Monday, July 4, 2011

C2) The sequence 11 - 20

After propriety is established in the hexagram Lu (10), the masculine, bottom trigram Qian (the sky, which is designated to stay above and therefore moves upward) and the feminine, upper trigram Kun (the earth, which is designated to stay below and moves downward) interplay with each other in harmony, which results in Tai (11), a smooth, unobstructed, harmonious and peaceful state.

In addition to building Tai (11) and maintaining Tai (as 11.2 does), people must prepare for danger in times of peace (therefore 11.3 gives the warning and 11.4 makes a return voyage to the bright phase of the masculine, bottom trigram Qian) because Tai will collapse once people get used to seek ease and comfort (11.5 condescends to line 11.2 in seeking peace like the younger sister of King Di Yi of Shang married Zhou Wen Wang to attain truce), become slack and overlook the latent crisis (and Tai reaches extremity and the end will reverse). After the hexagram Tai turns upside down, the hexagram Pi (13): blockage and stagnant, appears. Tai refers to the state of prosperity, while Pi is adversity. Tai and Pi are mutually reversed and interchangeable hexagrams.
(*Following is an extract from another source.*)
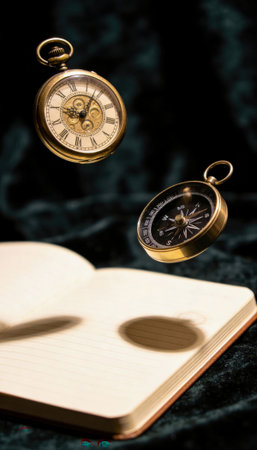 Pocket watch and brass compass float above an open lined notebook with a blurred dark backdrop, the blank page providing available space for text and design, while warm metallic tones suggest vintage travel and time themes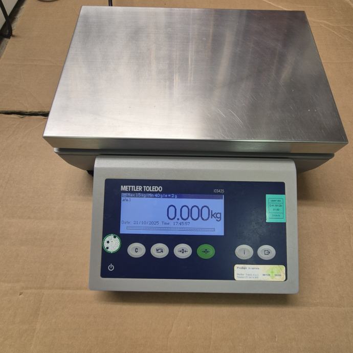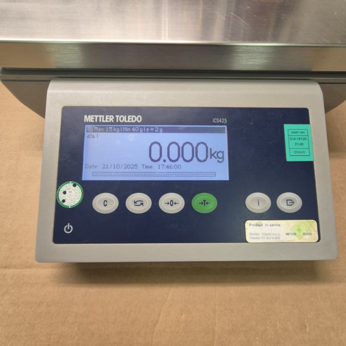 PRODAM RABLJENO PROFI TEHTNICO ZMAMKE METTLER TOLEDO ICS425S-15, V ODLIČNEM STANJU. MOŽEN PRIKLOP PREKO KABLA NA PRINTER ALI RAČUNALNIK. OBMOČJE DO 15Kg DO 2g NATANČNO, PRIKLOP 230V. ROBUSTNO ALUMINIJ OHIŠJE, MATERIALI PRIMERNI ZA UPORABO V INDUSTRIJI. SERVIS IN REZERVNI DELI ZAGOTOVLJENI V SLOVENIJI. CENA NOVE JE PREKO 2000€.

The norm of villains is prevailing and the norm of gentlemen becomes stagnant in the era of Pi (12). While the masculine starts appearing after the bottom trigram Kun, Pi is being stopped; however Pi won’t collapse of itself but must be toppled by joint forces. Therefore the hexagram Tong Ren (13) comes next, wherein people make friends by virtue of putting aside differences and seeking common ground. With the joint forces, line 1 of the hexagram Tai builds Tai at position 2, and with the joint forces, line 1 of the hexagram Pi starts its journey in Pi, and with the joint forces, 12.6 topples Pi.

The ideal of Tong Ren (13) is peoples over the world are one family. The feminine line 2 staying below is designated to makes friends with all masculine lines; however due to discrimination, self-imposed restriction, indifference, etc., the fellowship is built but not as what is expected (i.e. line 6 reaches the suburbs instead of the countryside as stated in the hexagram text). While the hexagram Tong Ren is presented in a reversed form, the feminine line at position 5 possesses all the masculine lines, and the hexagram becomes Da You (14): abundant possessions; the goal of Da You is abundant possessions shared by all peoples

The hexagram Qian (15), humility, steps onto the stage of the I Ching after the abundance possessions of the hexagram Da You (14), signifying humility is a behavior of the most esteemed virtue. Line 3, the representative line of Qian, works hard but doesn’t exaggerate it, and attains merit or achievement but doesn’t take it as one’s own credit. A person who behaves like this will be supported by hundreds of thousands of people

After a person well cultivates himself in the hexagram Qian (15), he can march to the next hexagram Yu (16), wherein it is instrumental in establishing the ducal state and dispatching the troops. Friends of line 4, the representative line of Yu (a person of political charismas), will gather like the hair bound by a clasp, and by virtue of which it can attain great achievements.

All the lines which are inspired by line 4 of Yu (16) (the source of Yu, a person of political charismas or personal cult) are of ominous omens because they ignore the legitimacy of line 5, the king. Therefore one must be prudent in selecting the right one to follow, and the hexagram Sui (17) means to follow. The masculine line (line 6 of hexagram 12: Pi) descending to the bottom position and the feminine line (line 1 of hexagram 12) ascending to the top position create the bottom trigram Zhen and the upper trigram Dui; the one below moves in following the one above and the one above feels joyful, signifying Sui.

According to Za Gua Zhuan (the commentary on the coupled hexagrams), Sui (17) is regarded as no past, which is signified as ‘to make adjustments timely and perform correctly according to occasions’, and the mission of hexagram Gu (18) is to remove old aged malpractices, and to put things in order. While the follow of the hexagram Sui is reversed, the bottom trigram Xun prostrates itself in exhibiting submissiveness to the upper trigram Gen: to stop, signifying Gu.

After those of the hexagram Gu (18) left over by the old generations have been successfully removed, the sovereign returns and descends to the world, wherein masculine lines 1 and 2 occupies the earth domain and move toward the sky domain, like the large ones (the masculine) approaching the small ones (the feminine), and the hexagram of which is named Lin (19): to approach. In Chinese culture the approach of Lin is usually taken for an action which is from an honored position or a higher position.

Lines 4, 5 and 6 of the hexagram Lin (19) approaching the lines below, like those above approaching those below so as to supervise and manage them, must be done righteously; otherwise calamity exists in August. Once the hexagram Lin is reversed, it becomes hexagram 20, Guan: observation, wherein the masculine line 5 and 6 stays atop like receiving a review or trial on their performances from those below, and the hexagram Guan represents August.